Prospective Diagnostic Accuracy and Technical Feasibility of Artificial Intelligence-Assisted Rib Fracture Detection on Chest Radiographs: Observational Study.
Authors
Affiliations (5)
Affiliations (5)
- Department of Emergency Medicine, Mackay Memorial Hospital, Taipei, Taiwan.
- Graduate Institute of Biomedical Informatics, College of Medical Science and Technology, Taipei Medical University, 9F, Education & Research Building, Shuang-Ho Campus, No. 301, Yuantong Rd., Zhonghe Dist., New Taipei City, 235603, Taiwan, 886 266202589 ext 10929.
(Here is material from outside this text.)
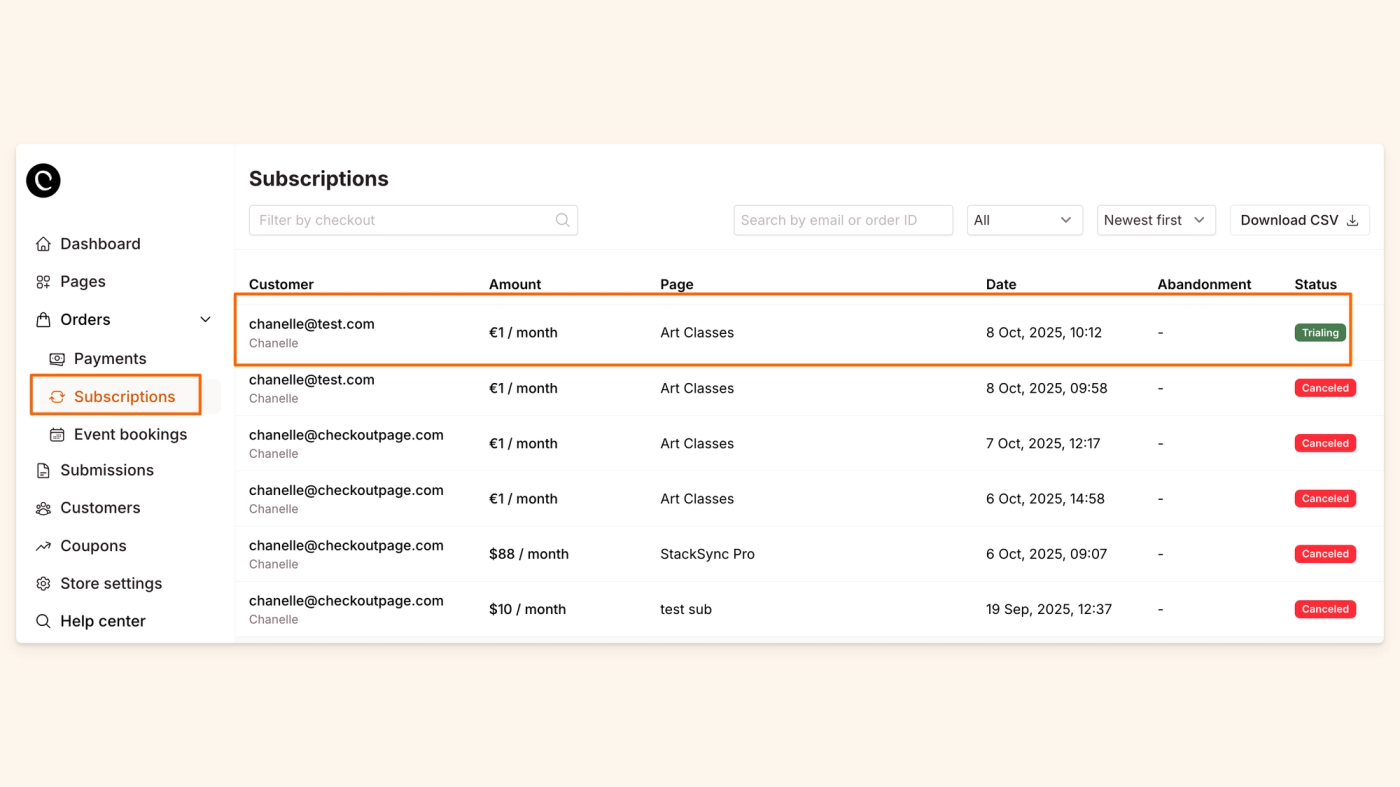 - Locate the report of the subscription purchase in question in your Checkout Page account. It will be under Subscriptions on the left-hand side menu. Click on the subscription report.

- College of Medicine, Mackay Medical University, New Taipei City, Taiwan.
- Division of Plastic Surgery, Mackay Memorial Hospital, Taipei, Taiwan.
- Clinical Big Data Research, Taipei Medical University Hospital, Taipei City, Taiwan.
Abstract
Rib fractures are present in 10%-15% of thoracic trauma cases but are often missed on chest radiographs, delaying diagnosis and treatment. Artificial intelligence (AI) may improve detection and triage in emergency settings. This study aims to evaluate diagnostic accuracy, processing speed, and technical feasibility of an artificial intelligence-assisted rib fracture detection system using prospectively collected data within a real-world, high-volume emergency department workflow. We conducted an observational feasibility study with prospective data collection of a faster region-based convolutional neural network-based AI model deployed in the emergency department to analyze 23,251 real-world chest radiographs (22,946 anteroposterior; 305 oblique) from April 1 to July 2, 2023. This study was approved by the Institutional Review Board of MacKay Memorial Hospital (IRB No. 20MMHIS483e). AI operated passively, without influencing clinical decision-making. The reference standard was the final report issued by board-certified radiologists. A subset of discordant cases underwent post hoc computed tomography review for exploratory analysis. AI achieved 74.5% sensitivity (95% CI 0.708-0.780), 93.3% specificity (95% CI 0.930-0.937), 24.2% positive predictive value, and 99.2% negative predictive value. Median inference time was 10.6 seconds versus 3.3 hours for radiologist reports (paired Wilcoxon signed-rank test W=112 987.5, P<.001). The analysis revealed peak imaging demand between 08:00 and 16:00 and Thursday-Saturday evenings. A 14-day graphics processing unit outage underscored the importance of infrastructure resilience. The AI system demonstrated strong technical feasibility for real-time rib fracture detection in a high-volume emergency department setting, with rapid inference and stable performance during prospective deployment. Although the system showed high negative predictive value, the observed false-positive and false-negative rates indicate that it should be considered a supportive screening tool rather than a stand-alone diagnostic solution or a replacement for clinical judgment. These findings support further clinician-in-the-loop studies to evaluate clinical feasibility, workflow integration, and impact on diagnostic decision-making. However, interpretation is limited by reliance on radiology reports as the reference standard and the system's passive, non-interventional deployment.